1960~70年代、日本の高度経済成長期に、日本企業の中南米進出(投資)が活発化する。例えば、トヨタ自動車は世界最初の海外生産拠点をブラジルに、日産自動車はメキシコに設立した。

また、この時期、日本は、政府・政府関係機関及び民間企業が協力して支援する、様々な大型の「ナショナル・プロジェクト」をブラジルにおいて実施し、経済発展に大きく貢献した。特に、セラード開発事業では20年以上にわたり、日本が技術、資金、人材面で協力し、不毛の大地と言われた「セラード」を世界有数の農業生産地域に変え、ブラジルを世界の農業大国に押し上げた。

民間企業の活発な活動を背景に、当時の日本の対中南米外交の主要なアジェンダは、経済関係を中心にした友好協力関係の維持促進だったと言えよう。
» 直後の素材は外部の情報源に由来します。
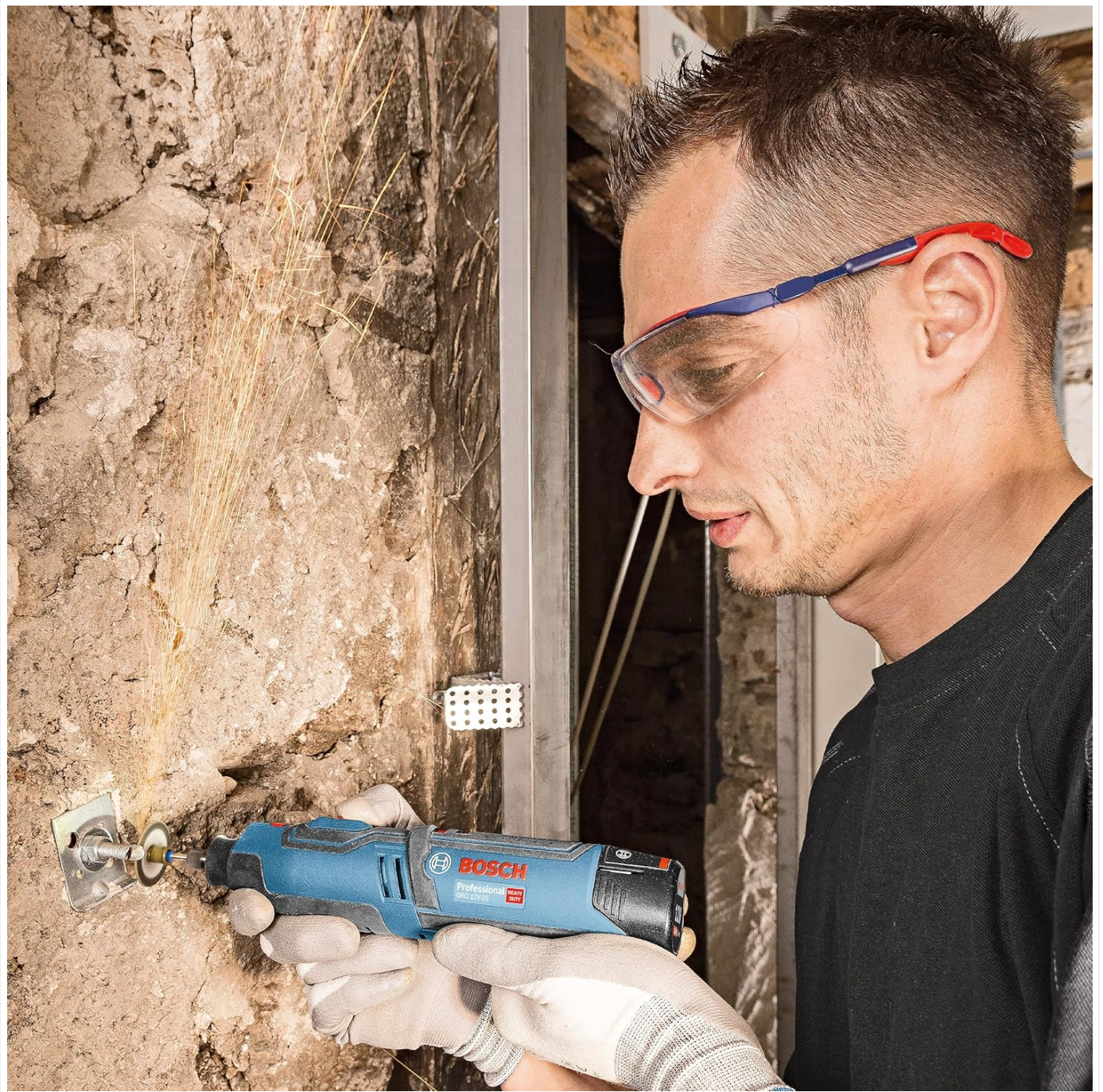
Figure 4.3: Grinding a metal fixture embedded in a wall. Sparks are generated, requiring appropriate safety measures.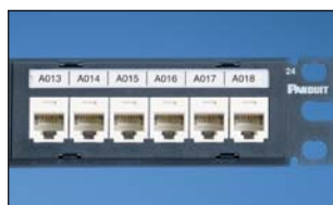
Patch Panel Labeling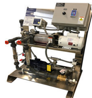
POLYPRO Feed Equipment

During its 100-year history Carus' ongoing emphasis on research and development, technical support, and customer service has enabled the company to become the world leader in permanganate, manganese, oxidation, and base-metal catalyst technologies.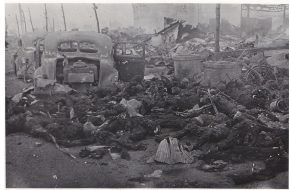
Bodies of people trapped and burned as they fled through a street during the attack on Tokyo on the night of March 9-10.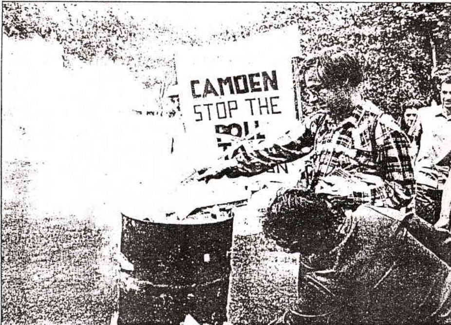
Burning poll tax registration forms in London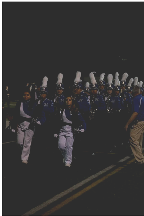
The band marches in formation. This is Berk, Romantic Flight, and Test Drive.

Their show has been showcased at Home Varsity Football games during halftime, as well as at their competitions during October. The Marching Band competes under the organization, NESBA, or New England Scholastic Band Association. NESBA is divided into different divisions based on size, the band being division five. Competitions are judged in three different categories, Overall Effect, Ensemble Analysis, and Individual Performance. The Marching Band’s first competition was in Westford on October 5th, scoring a 78.990 and placing 4th. The Marching Band currently has 3 more competitions in Reading, Wakefield, and Finals, with the location still being determined.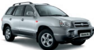
Smart Silver (Metallic)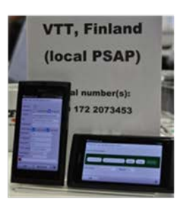
Research: IVS and PSAP on a Mobile Phone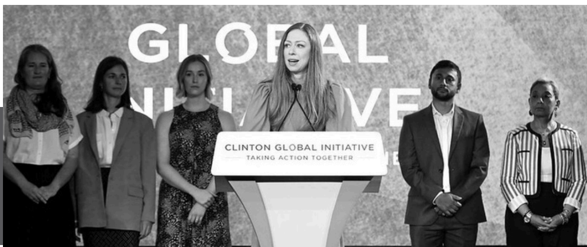
CHC Staff Celebrated Commitment to Action at the Clinton Global Initiative (CGI) 2023 Meeting in New York

With nearly 70 babies born into the Black Birthing Initiative so far this year, we see our model working as proven by an estimated 31% reduction in expected preterm births, 8% reduction in maternal stress, reduced food insecurity, and more.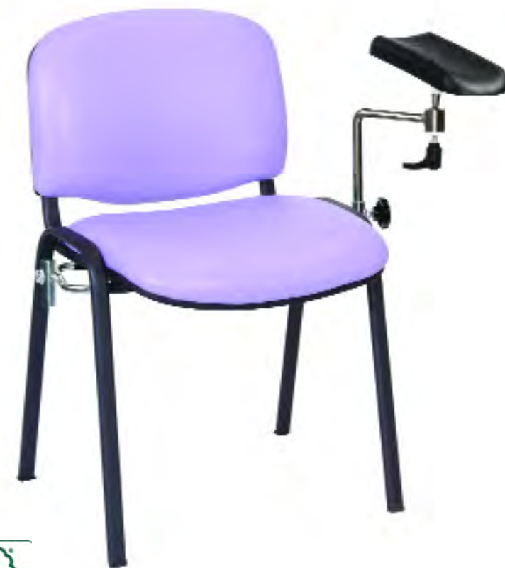
CODE: Sun-PCHA/VYL Phlebotomy/treatment chair Vinyl upholstery, one arm rest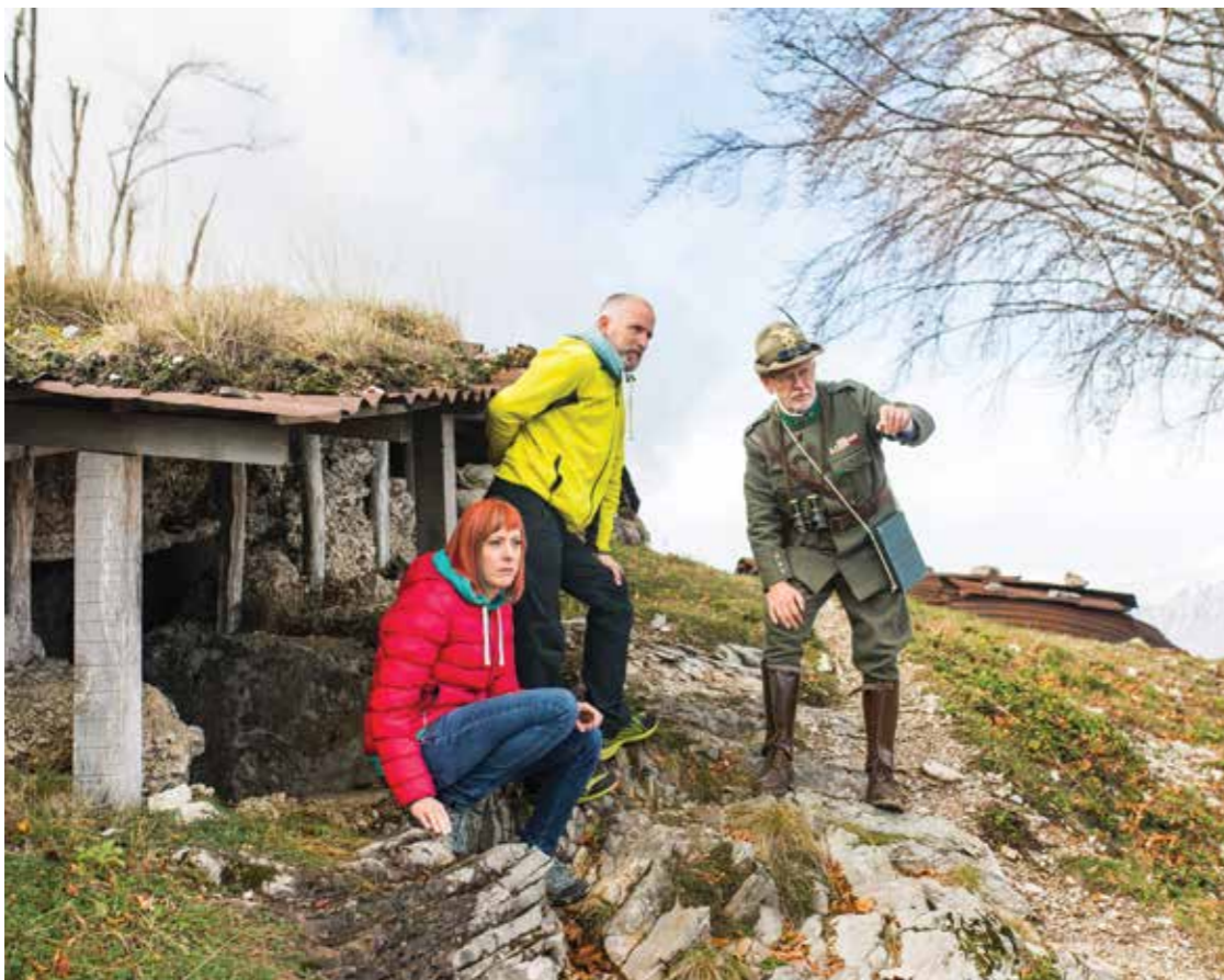
The route connects monuments, open-air museums and natural sites, all unified by a message of cooperation, friendship and peace.

tunnel built during World War I. Once one of the bloodiest battlefields on Slovenian soil, Mt Škabrijel now rewards visitors with breathtaking views of the Julian Alps, the Kras region and the Adriatic Sea. The Monument of Peace at Cerje, located in the Kras region, offers a panoramic view from the Alps to the Adriatic, a poignant reminder of the legacy of war and the importance of peace.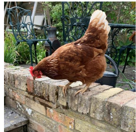
Lost chicken! – thankfully, owners found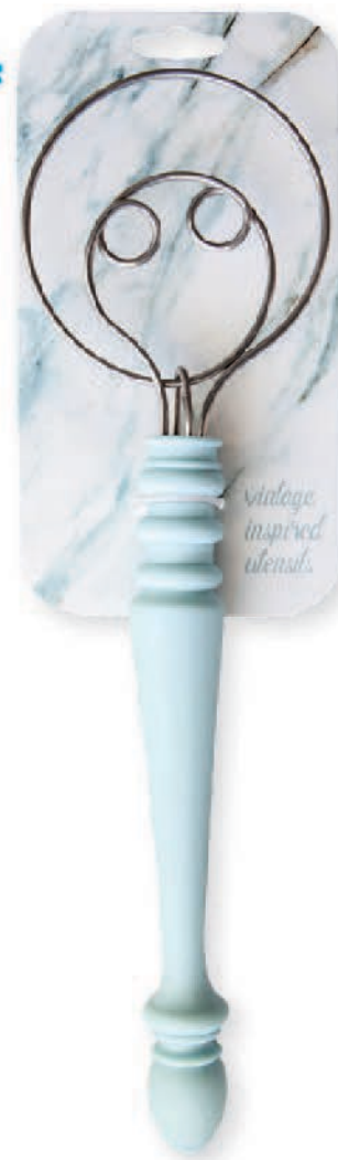
#2208 Dough Whisk 13" x 3.5" x 1" in packaging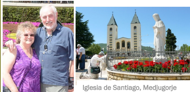
Iglesia de Santiago, Medjugorje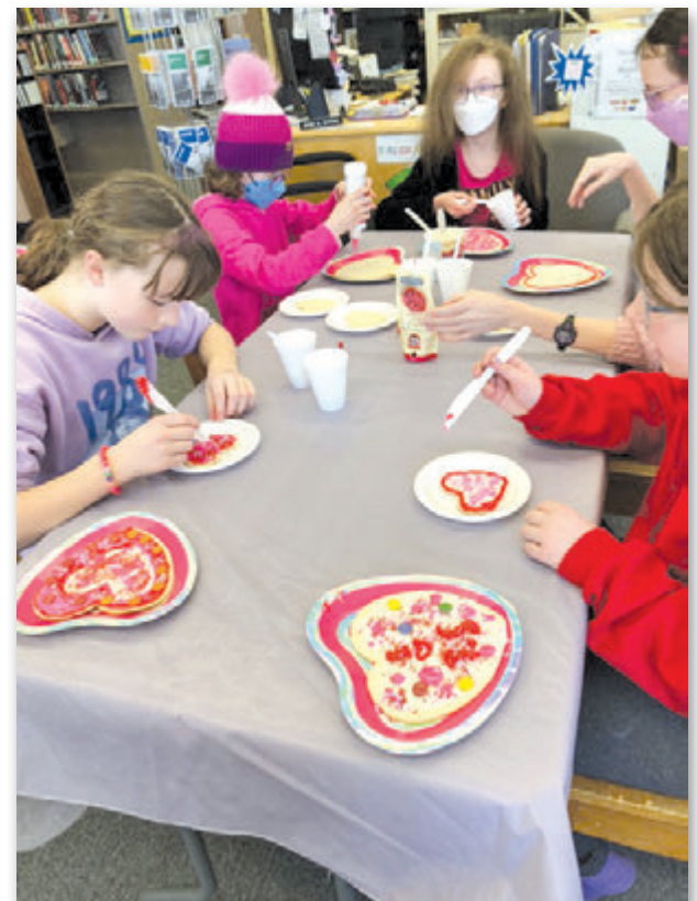
Kids got to decorate a large and a small sugar cookie (one to take home, and one to eat).

一方、日本の高度成長下で過剰労働力問題が解消して、60年代から移住者数は漸減傾向をたどる。これに伴い、移民送り出しから、現地移住者・日系人の定着支援へと移住政策の重点が移っていった。

失われた10年と日本

1980年代は中南米にとって「失われた10年」と呼ばれる危機の時代であった。メキシコの対外債務危機は域内各国に波及し、多くの国々はマイナス成長、ハイパーインフレなど困難な経済状態に陥った。1982年にはマルビーナス/フォークランド戦争が起こる。日本の銀行や企業は中南米で多くの損失を出し、新規投資は減少し、日本の経済界は中南米に対する関心を失っていった。この時期の体験は、日本企業に中南米ビジネスへのネガティブな印象を植え付けることになり、その後遺症は長らく続いた。

一方で、80年代を通じて、中南米の多くの国で軍事政権からの民政移管が実現し、また中米地域では長年の紛争が終わりつつあった。

この時期、対中南米外交の主要課題は、累積債務問題への対応であった。日本は、米国に協調する形で債務削減や新規融資など中南米諸国への支援を行った。日本の資金供給は「黒字減らし」を目的とした資金還流措置として実施され、中南米に着目した取り組みというより、危機対応の政策だった。